Kahaluu Beach and the Outrigger Hotel

A much used beach park at the south end of Alii Drive in Keauhou. Parking, bathrooms, tables, trees, beach houses and Hualalai mountain. Views into the hotel grounds to King David’s summer cottage. If you want to paint on the Outrigger hotel grounds permission is needed beforehand. Life guards, lots of snorkeling, surfing, sunbathing and vendors. The coral is protected by a Hawaiian made reef. Rocks and pools a plenty and interesting locals and visitors.

Keauhou Bay

Several public places to access the bay - at the end of King Kam III road, end of Kaleiopapa Road and at the Sheraton public beach parking area. Large palm trees, Kaeuhou canoe club Halau (canoe shed), large tree specimens, beach homes, hotel buildings, views uphill to Hualalai mountain, plenty of rocks and breaking waves at the mouth of the harbor. Lots of activity – canoe paddlers, kayakers, cruise and fishing boats. So-so bathrooms at beach parking, plenty of shade. Pick your time of day, nice breezes on the canoe club grounds.
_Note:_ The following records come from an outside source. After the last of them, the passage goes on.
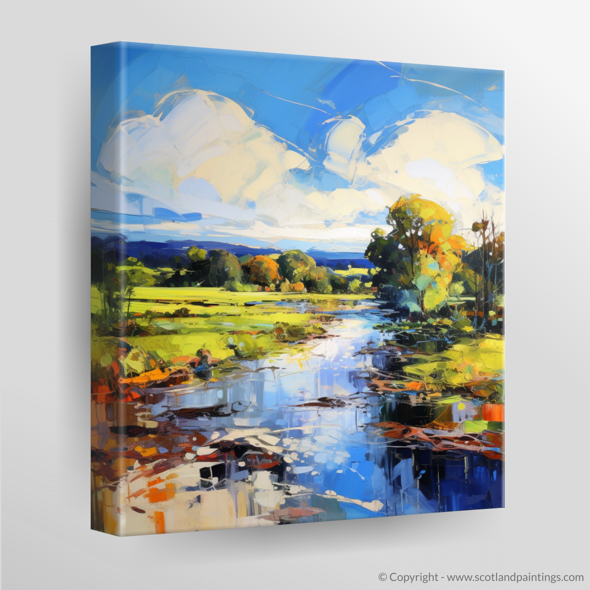 This captivating print captures the untamed beauty of River Leven in West Dunbartonshire through the evocative brushwork of expressionism. The artwork radiates with the vibrancy of nature, showcasing a symphony of bold, impasto strokes that bring the Scottish landscape to life. The river itself is the central marvel here, reflecting the sky above with a mirror-like precision that only seems to intensify the dreamlike quality of the surroundings.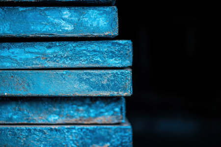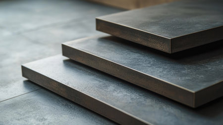 This image showcases a striking arrangement of metallic and textured blocks, beautifully reflecting light and casting shadows in a contemporary industrial setting.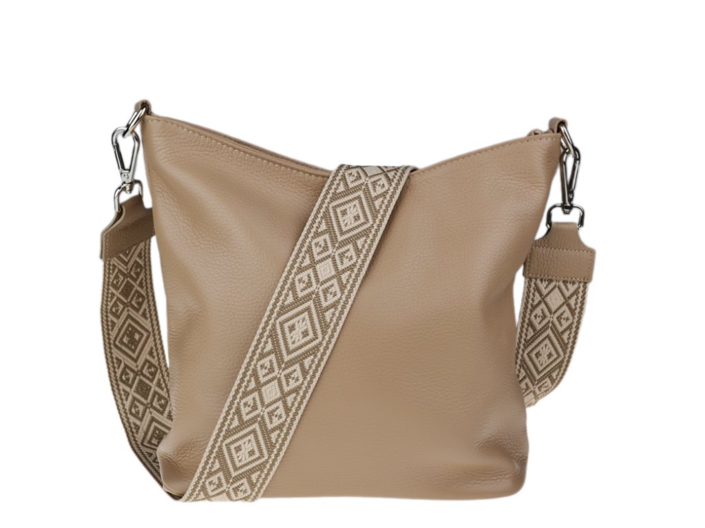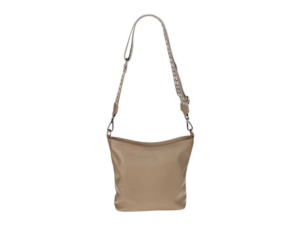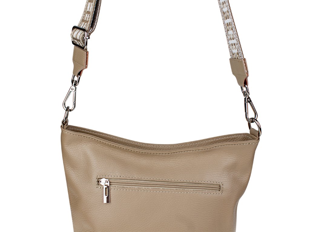 Klasická praktická kabelka s jednoduchým designem a stylovým přídavným popruhem. Nositelná přes rameno nebo crossbody. Kabelka je uzavíratelná na zip a je vyrobena z pravé poctivé kůže. Uvnitř kabelky najdeme přepážku uprostřed, která zároveň slouží jako kapsa na zip, a na bočních stěnách pak kapsu na zip a na druhé straně další malou kapsu.

Two step beach and Puuhonua O Honaunau National Park

Historical national park and active Hawaiian beach village. Two step beach is to the right of the national park and parking is free but can get crowded so come early. Portapotties here, some shade, but plenty of views across to the structures in the park, beach houses, another canoe club (shade here ) with nice views out to sea, boat launch, snorkel boats and plenty of kayakers and swimmers. If you have a park pass or want to pay, the park has limitless views of Hawaiian buildings, canoes, turtles, plants and rocky beaches.

Honokohau-Kaloko National Park

This park stretches to the north adjoining Honokohau Boat Harbor. Park by the sailboats and walk through to the shore. Lovely views of fishponds, trees, Hawaiian structures, boating activity and beachgoers. Adequate bathrooms, plenty of parking, shade, no water. Friendly park staff. A large fishpond behind the beach, with views to Costco, but plenty for birders to see. The north end of the park has very nice facilities, accessed by the gravel road just before the Hina Lani (Costco) turn. Another large fish pond, good parking, a long wall along the fish pond, lots of shade and good ocean views. Plenty of variety of subject matter to choose from.

Mauna Lani Area


This is a huge area starting with the public parking lot opposite the Mauna Lani fitness center. It is a good walk to the ponds over a paved trail through the lava.

Some may choose to stay in the parking area and paint mauka (uphill) views including Mauna Kea. Others may try the south side of the Mauna Lani Hotel parking lot. Again there are some mauka views and beautiful grounds, but one can get to the Ponds and the beach from this area.


As one drives into the Mauna Lani complex and drives to the first roundabout, take the road to the Orchid. Before going into the Orchid Hotel grounds, there is a road to the right which takes you to the petroglyph area and the beach. There is public parking here as well as lua and showering facilities. The beach is generally rocky, but there is a trail along the shore which goes toward Puako. There are some nice vistas along the trail if one has not found a local park or petroglyph site.

Plein Air Painting Sites in Hilo, Hawaii

SADDLE ROAD - from Hilo Side

Saddle Road to Kilohana Hunter's check-in station. Between the 43 and 44 mile markers from Hilo. A long drive from Hilo but worth it.

Sweeping views of the three beauties, Mauna Kea, Mauna Loa and Hualalai. It's clearly marked. Turn mauka (uphill) onto the dirt road. Saddle Road is newly paved and smooth from Hilo. No 4 wheel drive needed on dirt part of road. Portable toilet but not well tended.

SADDLE ROAD from Kona Side

Head for Mauna Kea State Park and paint at this spot. No Entry Fee - Bathrooms and picnic tables available. Bring your own food and drinking water.

Also, bring cold weather clothing and a wind breaker. This site is over 8000 ft. in altitude and can be very windy and cold. Spectacular views make this challenging site worth it.